WORK TO BE COMPLETED: Retype exactly what appears below from the line containing "jest na faktora." down to the line containing "schwarze, nicht durchsichtige", keeping both end lines. Do not include pictures.

SUPPLIED DATA:

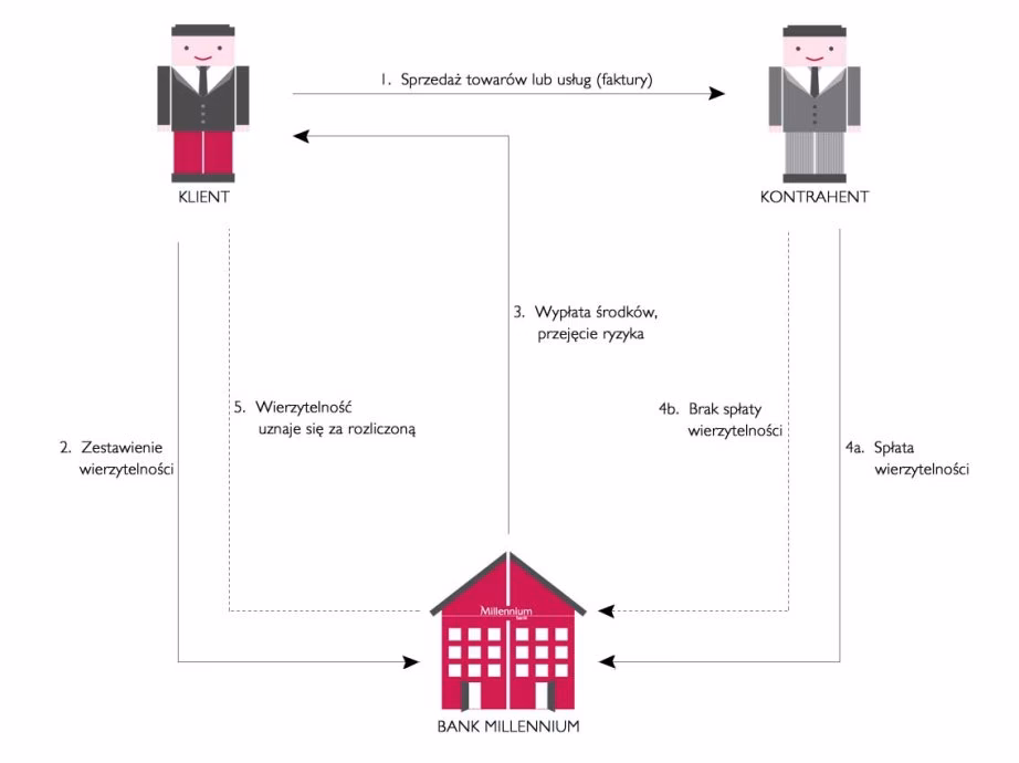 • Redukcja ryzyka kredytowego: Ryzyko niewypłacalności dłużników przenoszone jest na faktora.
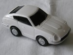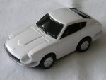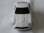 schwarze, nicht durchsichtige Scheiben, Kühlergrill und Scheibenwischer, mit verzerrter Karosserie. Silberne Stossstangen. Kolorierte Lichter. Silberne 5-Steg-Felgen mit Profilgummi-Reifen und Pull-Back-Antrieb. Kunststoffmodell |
--
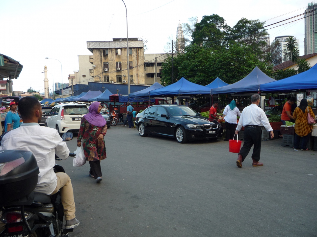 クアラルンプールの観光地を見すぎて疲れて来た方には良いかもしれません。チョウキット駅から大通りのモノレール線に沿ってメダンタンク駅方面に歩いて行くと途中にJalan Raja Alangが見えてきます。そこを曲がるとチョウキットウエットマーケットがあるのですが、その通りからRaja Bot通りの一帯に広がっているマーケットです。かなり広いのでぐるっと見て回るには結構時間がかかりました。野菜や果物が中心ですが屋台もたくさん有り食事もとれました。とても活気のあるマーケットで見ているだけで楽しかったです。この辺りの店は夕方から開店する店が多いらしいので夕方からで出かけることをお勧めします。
---
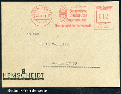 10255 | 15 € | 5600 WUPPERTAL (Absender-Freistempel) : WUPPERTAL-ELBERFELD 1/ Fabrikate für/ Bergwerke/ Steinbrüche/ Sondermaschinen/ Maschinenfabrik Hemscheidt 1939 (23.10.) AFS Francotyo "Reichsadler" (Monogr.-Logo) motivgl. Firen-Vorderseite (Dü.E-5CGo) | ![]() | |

WRITTEN RESPONSE:
 • Redukcja ryzyka kredytowego: Ryzyko niewypłacalności dłużników przenoszone jest na faktora.
 schwarze, nicht durchsichtige Scheiben, Kühlergrill und Scheibenwischer, mit verzerrter Karosserie. Silberne Stossstangen. Kolorierte Lichter. Silberne 5-Steg-Felgen mit Profilgummi-Reifen und Pull-Back-Antrieb. Kunststoffmodell |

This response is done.